• _Data extracted from a collection_:
==================================================

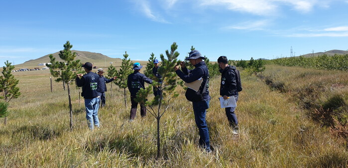 수원시가 수원시민봉사단과 함께 ‘몽골 수원시민의 숲’을 찾아 나무의 생육상태, ‘식생(植生) 피복률’ 등을 조사했다.
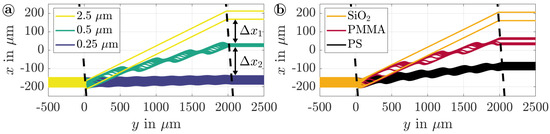 Numerically calculated trajectories of particles with (a) different radii (−1, , polystyrene) and (b) materials (−1, , , silicon dioxide (), polymethylmethacrylate (PMMA), polystyrene (PS)). The motion of the particles is affected by a tasSAW with a tilt angle of within the dashed lines. Main flow is applied in the positive y-direction.
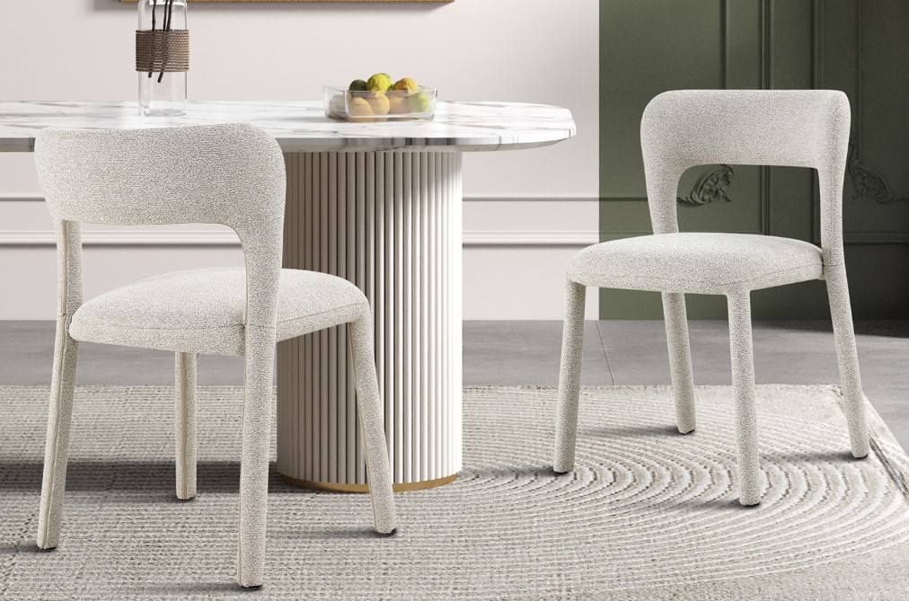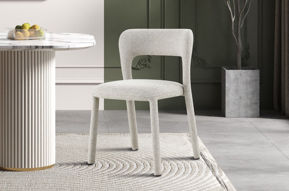 De complete stoel heeft een stoffen bekleding op de zitting en de poten. Dit geeft deze stoel een mooie luxe uitstraling.
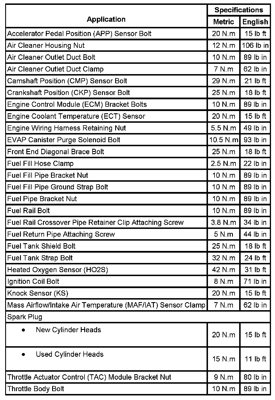 Fastener Tightening Specifications
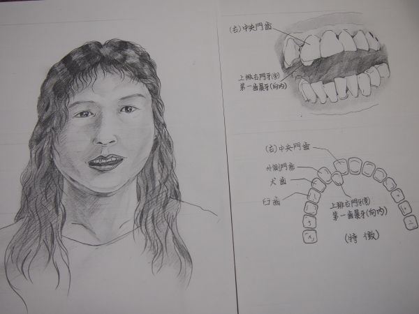 死者最明显的特征是门牙右边第1颗牙齿往内生长,乍看很像缺1颗门牙,有穿耳洞,身高约155公分。(图片来自台湾“中广新闻网”)
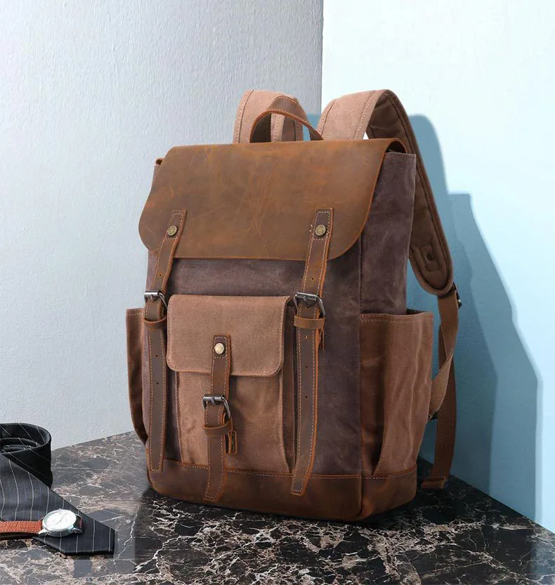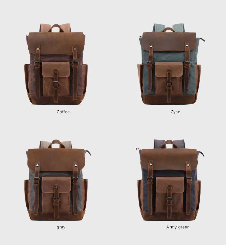 1. Материал: рюкзак изготовлен из водонепроницаемой вощеной холщовой ткани (водонепроницаемое полотно немного жесткое и сморщенное) и натуральной воловьей кожи. (Кожаная поверхность имеет беспорядочные морщины, шрамы, царапины, которые представляют стиль ретро и дикости), этот холщовый рюкзак имеет модный и винтажный внешний вид, чтобы быть идеальным дорожный рюкзак, 13,14, рюкзак для ноутбука, рюкзак для путешествий, походный рюкзак. 2. Дизайн:★Высококачественный водоотталкивающий вощеный холст, он может защитить ваши вещи внутри от внезапного дождя.★Благодаря широкому дизайну плечевого ремня вес рассеивается и обладает комфортом и долговечностью, этот ремешок может легко регулировать длину при необходимости.★Ручка для переноски сделана из той же воловьей кожи и закреплена высококачественной фурнитурой, что делает холщовый рюкзак простым в использовании.★Организованный рюкзак для ноутбука с быстрым доступом к любому из ваших вещей.★Медные заклепки и винтажная металлическая фурнитура 3. Карманы: несколько карманов дизайн:★Внутренний доступ к 1 большому основному отделению для компьютера, книг, принадлежностей или одежды; 1 основное плотное эластичное/Мягкое отделение для ноутбука на липучке; 2 скользящих кармана + 1 Настенный Карман на молнии внутри для хранения сотового телефона, автомобильных ключей, бумажника и т. д.★Внешний доступ к 1 переднему карману с клапаном и 2 боковыми карманами. 4. Вместительный: многофункциональный карманный дизайн позволяет вам попрощаться с дезорганизацией. Этот холщовый рюкзак может вместить папки, файлы формата А4, книги, iPad, косметику, мобильный телефон, зарядное устройство, бутылку воды, кошелек, Ланч-бокс и многое другое. 5. Это отличный рюкзак для повседневной жизни. Вы можете использовать его в любое время года, в бизнес, школу, колледж, Пешие прогулки, случайные поездки, выходные, кемпинг, дневные поездки и так далее.
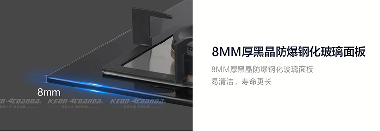集成灶十大品牌、廚電行業十大品牌科恩KN610智能防干燒灶具最大特點在于產品擁有防干燒技術,左爐頭帶防干燒裝置功能,意外忘記關火外出干燒時,將會自動關火;烹飪狀態下,溫控探頭檢測不到鍋具離鍋60S將自動熄火,有效杜絕了安全隱患。另外,KN610智能防干燒灶具采用8MM厚黑晶防爆鋼化玻璃面板,易清潔,壽命更長!
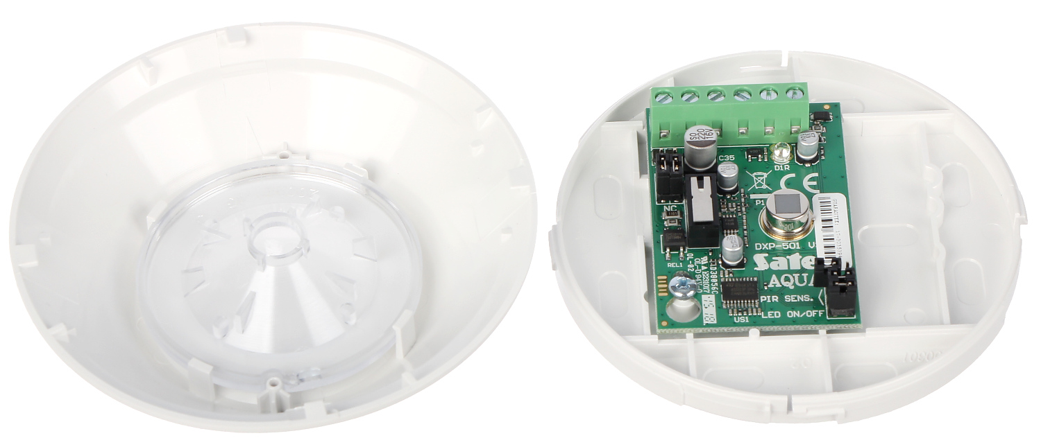 AQUA Ring to cyfrowa pasywna czujka podczerwieni w owalnej obudowie, przeznaczona do montażu sufitowego. Idealnie sprawdzi się ona w miejscach, gdzie montaż na ścianie jest utrudniony lub wręcz niemożliwy, np. w pomieszczeniach z całkowicie przeszklonymi ścianami lub witrynami. Można zastosować ją także w pomieszczeniu o znacznej powierzchni, gdyż z racji swej konstrukcji umożliwia ochronę dużego obszaru.

==================================================

• _Work task_: The reply should hold the entries above from the line with "Numerically calculated trajectories" to the line with "Fastener Tightening Specifications", duplicated exactly, pictures excluded.

• _Exercise result_:
 Numerically calculated trajectories of particles with (a) different radii (−1, , polystyrene) and (b) materials (−1, , , silicon dioxide (), polymethylmethacrylate (PMMA), polystyrene (PS)). The motion of the particles is affected by a tasSAW with a tilt angle of within the dashed lines. Main flow is applied in the positive y-direction.
 De complete stoel heeft een stoffen bekleding op de zitting en de poten. Dit geeft deze stoel een mooie luxe uitstraling.
 Fastener Tightening Specifications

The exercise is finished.